Empreintes de pas, empreintes digitales, mégots, crachats. Même, il flairait, à la manière d’un chien de chasse. Et, certes, ce n’était pas l’odeur de violette, très 1900, que Mme de Rouvres affectionnait par-dessus tout et dont était imprégné l’appartement, que s’efforçait de déceler son sens olfactif. C’était une odeur infiniment plus vulgaire, fort éloignée du parfum – sauf pour la gent canine ! Durant ses « classes » à la P. J., on n’avait pas manqué de lui signaler que nombre de cambrioleurs ne peuvent résister à la tentation de laisser, après leur passage, une « signature » excrémentielle. Mais, nulle part, il ne constata la présence d’une telle carte de visite gauloise. Il déduisit : « Pas de déjections, l’homme est d’un niveau social assez élevé. Pas d’empreintes digitales, l’homme, pour opérer, avait passé des gants. »

Fermier, planté au centre des pièces, bornait son activité à pivoter lentement sur un talon et à laisser son regard se reposer sur les objets.

C’était un frêle jeune homme à lunettes. Abondamment nourri de lectures spéciales, il appliquait des méthodes un peu littéraires, inspirées de celles du chevalier Dupin, le héros imaginé par Edgar Poe.

Alors que le policier cherchait des indices, Fermier tâchait à préciser le mobile. Car le vol de la pendulette, des chandeliers, de l’argenterie et des trois mille francs, considéré comme but essentiel de l’expédition, lui semblait dérisoire.

Martin, de temps à autre, le regardait de biais, sardoniquement. Puis, toujours quêtant, il plongeait une main dans sa poche de veston et caressait amoureusement le fourneau froid de sa pipe.

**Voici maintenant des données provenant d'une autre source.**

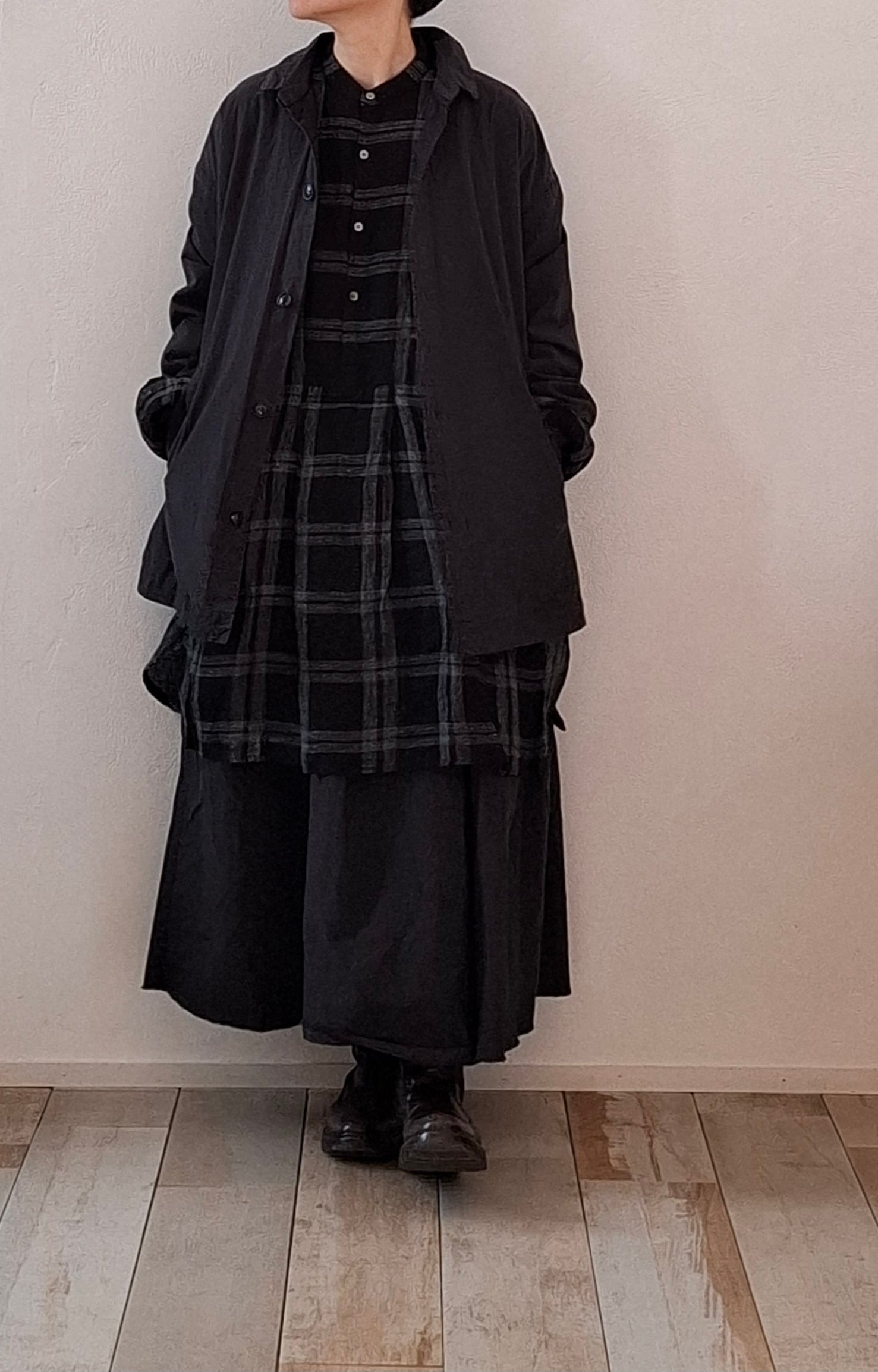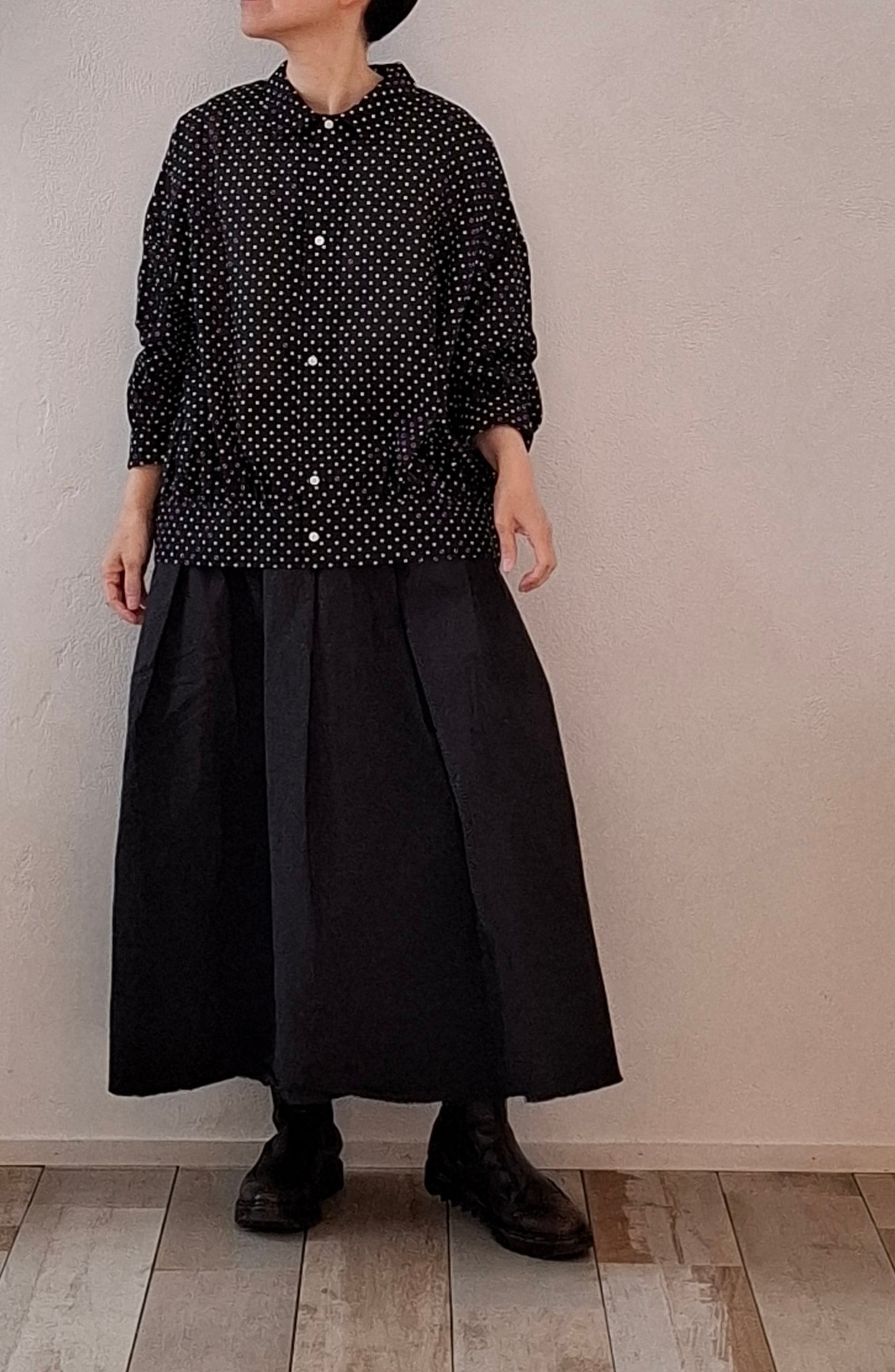 透け感なく、季節問わず楽しめる1着です。

Bien plutôt qu’un souci de bienséance inspiré par le proche voisinage de la maîtresse de maison, le respect que suscitaient chez cet homme du commun les prestigieux ameublements Louis XV et Louis XVI, disparus, sans doute, mais pour lesquels portaient témoignage le papier vieux rose et le papier vert Trianon, le retenait de fumer.

Brusquement, Fermier s’approcha de l’inspecteur.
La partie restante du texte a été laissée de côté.